楓花は晴大にリコーダーを教える日の友人への嘘に悩んだ結果、佐藤から担任を通して呼び出してもらうことにした。何の用事でどれくらいかかるかは分からないので、舞衣にも先に帰ってもらうことができた。
もちろん、頻繁に呼び出されるのはおかしいし、楓花が晴大の相手をしたのも一ヶ月に一度ほどだった。試験前や何かの事情で全校生徒が帰宅しないといけない日に、楓花はだいたい晴大に会っていた。下駄箱や教室付近を確認して、同級生がいなくなってから楓花は音楽室へ行った。
「長瀬さんて、波野と同じクラスなんやな」
「……うん。出席番号は前後やし、よく話すけど」
晴大のほうが先に到着していて、最初だから、と顔を出した佐藤と座って話をしていた。楓花を見ると佐藤は『二人で大丈夫?』と聞いてから、二人とも嫌だと言わないのを見て職員室に戻っていった。
「あいつの話にたまに長瀬さん出てきてたわ」
「何の話してん?」
「別に。クラスの奴が俺の噂してる、とかばっかやけど」
晴大は楓花を見ていたけれど、その間、表情は全く変わらなかった。楓花に興味がないのか、或いは噂されることに慣れているのだろうか。
「それで、私は何を教えたら良いん? とりあえず──順番に吹いてみて。ファから」
「……ふぁ?」
「うん。ファから。……え? ソプラノリコーダーのドと一緒」
「……ど?」
「もしかして──ドレミからやったほうが良い?」
「──何か分からんけど、最初から教えてくれ」
楓花が思っていた以上に、晴大は楽器が全くできないらしい。楓花は幼い頃からピアノを習っていて絶対音感を持っているけれど、晴大にはもちろんない。
「歌はどうなん?」
「それは、聞いたらなんとなく分かる。出だし聞いたら、続き歌える」
もしかして、と楓花がピアノでドレミファソラシドと弾くと、晴大は〝どの音が何という名前か〟は分からないけれど、七音の順番くらいは分かると言った。
「じゃあ、この音は〝ド〟──これは?」
「ん? ……み?」
「じゃあ……これ〝ファ〟──これは?」
「それは……れ?」
楓花が出した問題に全て正解した、ということは、晴大は相対音感は持っているらしい。
「良かった、何とかなりそう」
楓花は荷物を置いた席に戻り、持っていた五線譜にト音記号と七つの音を書いた。
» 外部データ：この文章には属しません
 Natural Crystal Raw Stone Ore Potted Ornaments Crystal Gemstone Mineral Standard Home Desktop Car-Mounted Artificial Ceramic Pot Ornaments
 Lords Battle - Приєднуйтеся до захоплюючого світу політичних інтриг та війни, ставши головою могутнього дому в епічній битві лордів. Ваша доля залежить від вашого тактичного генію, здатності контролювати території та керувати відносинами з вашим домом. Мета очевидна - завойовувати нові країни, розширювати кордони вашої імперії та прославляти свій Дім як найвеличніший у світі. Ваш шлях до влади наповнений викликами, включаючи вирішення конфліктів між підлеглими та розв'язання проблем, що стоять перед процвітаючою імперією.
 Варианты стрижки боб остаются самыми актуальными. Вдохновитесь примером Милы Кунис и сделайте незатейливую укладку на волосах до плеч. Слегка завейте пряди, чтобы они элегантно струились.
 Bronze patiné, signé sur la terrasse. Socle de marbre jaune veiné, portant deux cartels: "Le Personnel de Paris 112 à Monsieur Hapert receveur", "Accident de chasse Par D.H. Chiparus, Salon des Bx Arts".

それを晴大に見せると彼は首を傾げていたけれど、これはド、次はレ、と順番に教えた。
「渡利君て頭良いみたいやし、この七つ覚えたらあとは何とかなる」
「ほんまか?」
「うん。私だって、こっから外れたら、順番に見ていかな分からんし」
少しだけ時間を取って、晴大には七つの音を覚えてもらった。その間に楓花は小さめの紙を七枚用意して、一枚ずつに違う音を書いた。
「覚えた?」
「……たぶん」
「じゃあ、今から出すのが何か答えて。これは?」
「……そ」
「これは?」
「…………し」
少し時間はかかったけれど、晴大はまた楓花の問題に全て正解した。もしかすると晴大はこれまで、楽譜と真剣に向き合ったことがなかったのかもしれない。
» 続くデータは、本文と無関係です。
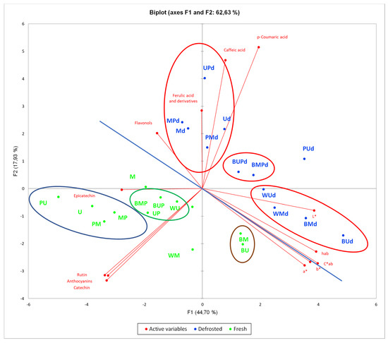 The most significant variables to discriminate between fresh and defrosted samples are represented by phenolic acids content, which is higher in the defrosted samples, whereas flavonoids are more represented in the fresh ones. The CIEL*a*b* parameters seem to contribute less. Considering the different analyzed variables (Figure 4), a clear separation between fresh (green) and defrosted (blue) samples could be revealed. Moreover, in both series, a separation into different groups could be underlined.
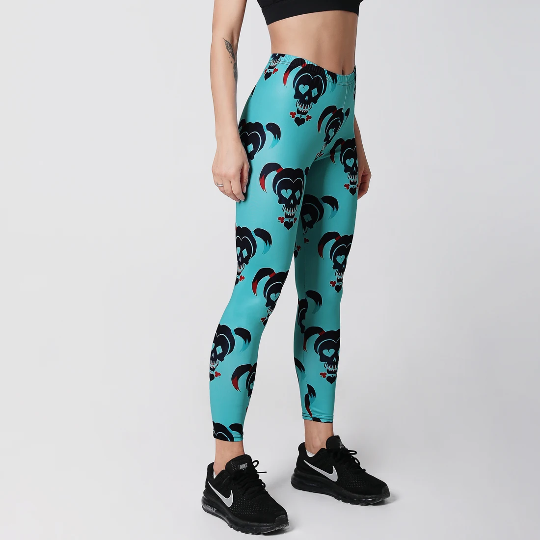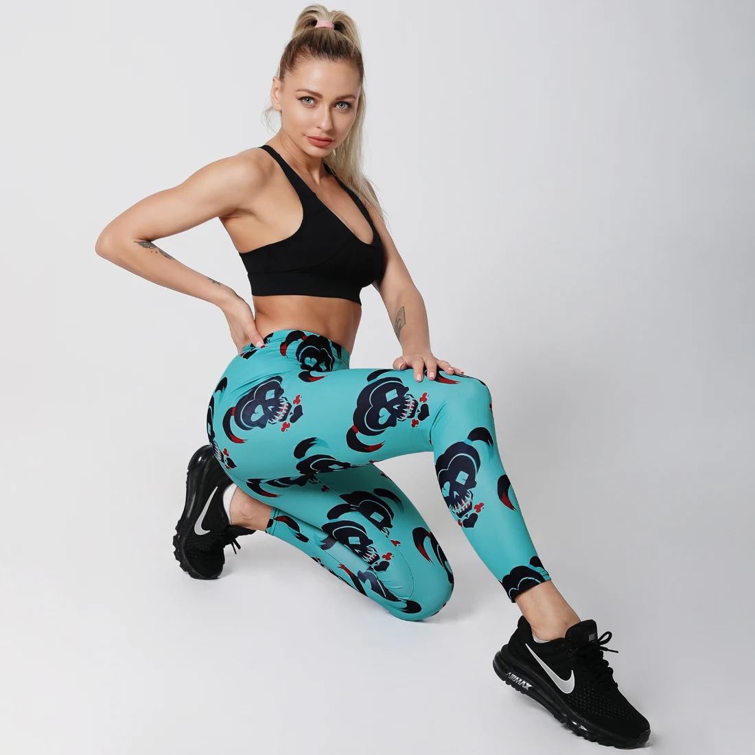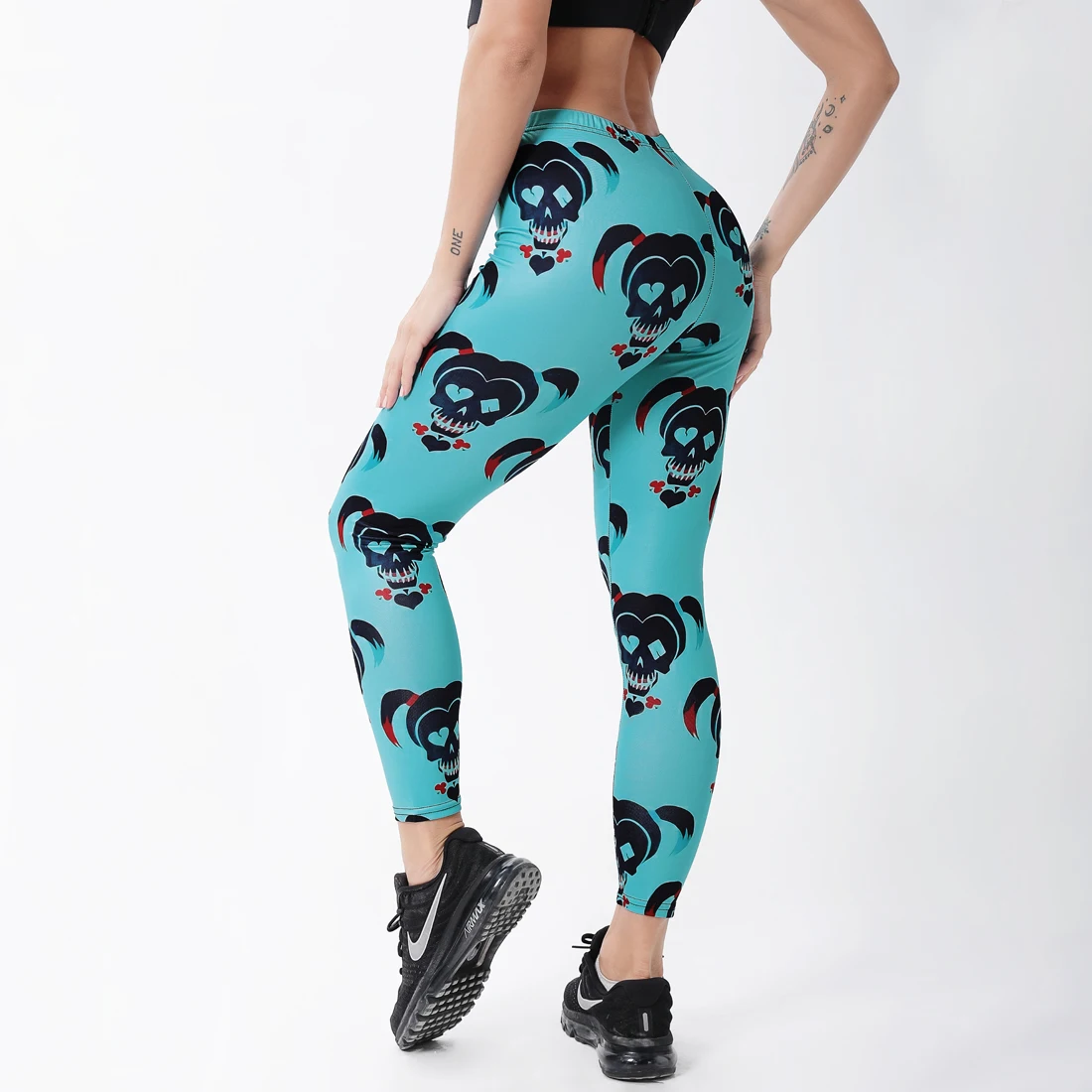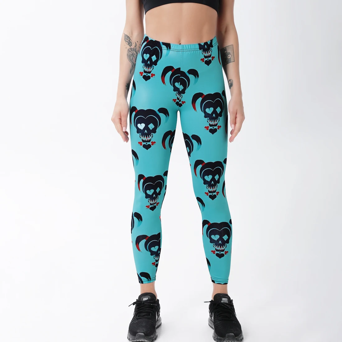 Новое поступление, женские Синие леггинсы с принтом клоуна для тренировок и бега, спортивные Леггинсы, женские Стрейчевые брюки для фитнеса

「いけてるやん。じゃあ次は……リコーダー出して。だいたい音楽で基本の音はドで、小学校のときにやったソプラノリコーダーは全部の穴を押さえたらドなんやけど──」
「これはちゃうん?」
「そう。アルトリコーダーは、全部押さえたら低いファ」
「なんでやねん」
「それは、アルトっていうのは、ソプラノより音域低いから」
「そういうことか。……ドは?」
「左手だけ全部押さえたらド。右手は親指で支えてるだけ」
楓花がそこまで言うと、晴大はリコーダーを構えて全ての穴を押さえてファの音を──鳴らそうとして、かすれた音になってしまった。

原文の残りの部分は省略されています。